Despite the improvement in fx liquidity during the quarter, the company recorded a N1.2bn fx loss as a result of fx purchases from the parallel market to augment production needs.
However, its impact on the overall result was reduced by a combination of the strong topline growth and impressive gross margin, leading to a significant increase in profitability.
On the back of the results, we are increasing our 2017-18E earnings forecasts by 44% on average and our price target by 13.6% to N16.2 (implying a 15.6% potential upside).
The stock currently trades on a 2017E P/E multiple of 7.6x for an EPS decline of -49.0% in 2018E. A risk to our valuation is a further devaluation of the naira.
Although PZ shares have shed -3.5% ytd, it has outperformed the NSE ASI by 2.5%. We retain our Neutral rating on the stock.
Q3 2017 results recap
PZ’s Q3 2017 (end-Feb) sales grew by 19.0% y/y to N23.8bn while both PBT and PBT advanced by over 100% y/y.
Gross margin expansion of 820bps y/y to 32.5% more than offset a N1.2bn fx loss to lead to a PBT of N2.8bn during the quarter.
The company is still benefitting from using old and relatively cheaper raw materials, like in the prior quarter.
Regarding the fx loss, fx related trade payables increased by 11.1% in Q3 from N41.5bn in Q2 2017 (end-Nov).

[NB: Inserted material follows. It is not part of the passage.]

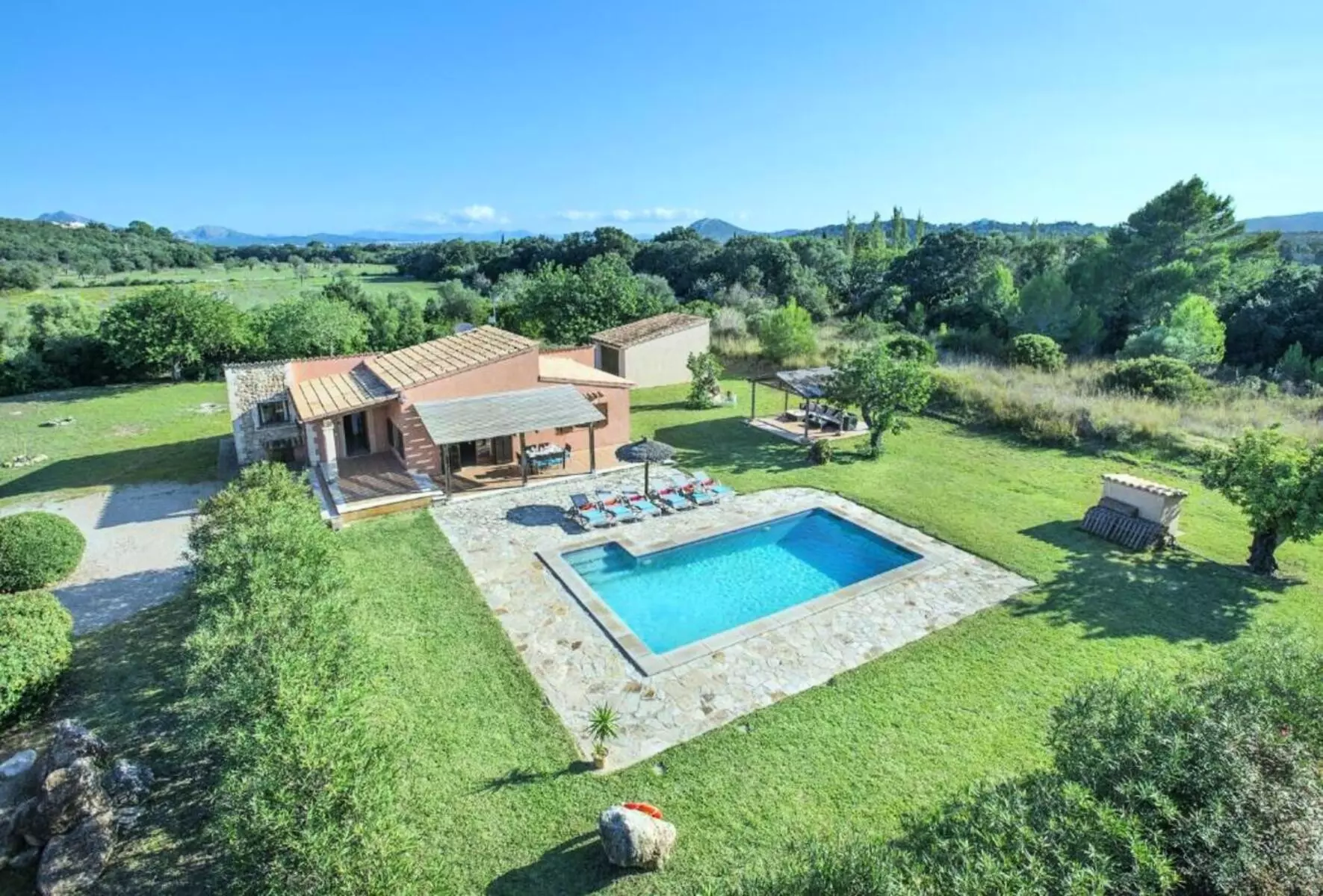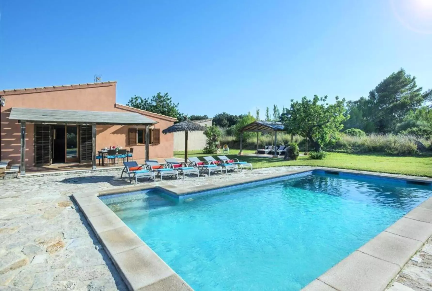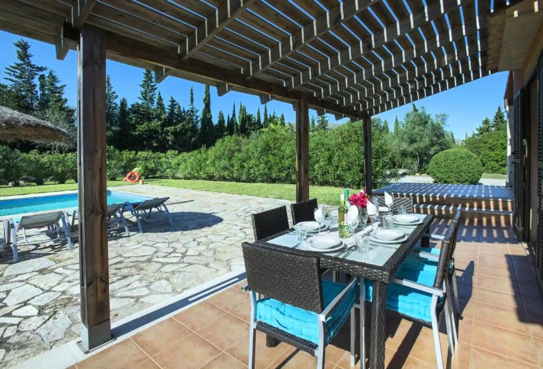 The expansive lawned garden, chill-out area, and pool surrounded by nature offer a wonderful space to unwind. The covered terrace, furnished with sofas and an outdoor dining area, along with the gazebo with a barbecue, invites you to enjoy long al fresco meals, sunsets, and tranquil evenings under the stars. It's the perfect setting for families or groups looking for a villa with a pool in Mallorca where they can create unforgettable memories.

Sequential trends were similar to the y/y changes.
Sales grew by 44.1% q/q, enough to offset the negative impact of a -183bps q/q gross margin contraction, an 11.0% q/q rise in operating expenses and a 391.9% q/q increase in fx losses.
As such, PBT advanced by 38.6% q/q. The PAT, which was up 70.5% q/q, grew faster than the PBT due to a -76.4% q/q decline in the minority interest charge.
Over the nine month period, PZ reported revenue growth of 12.8% y/y, gross margin expansion of 759bps y/y to 33.6%, a marginal y/y rise in opex and net interest income of N150m (vs –N390m in prior year).
Cumulative fx loss was N6.1bn. However, PBT still grew by 10.0% y/y to N2.4bn while PAT of N1.5bn was flattish y/y.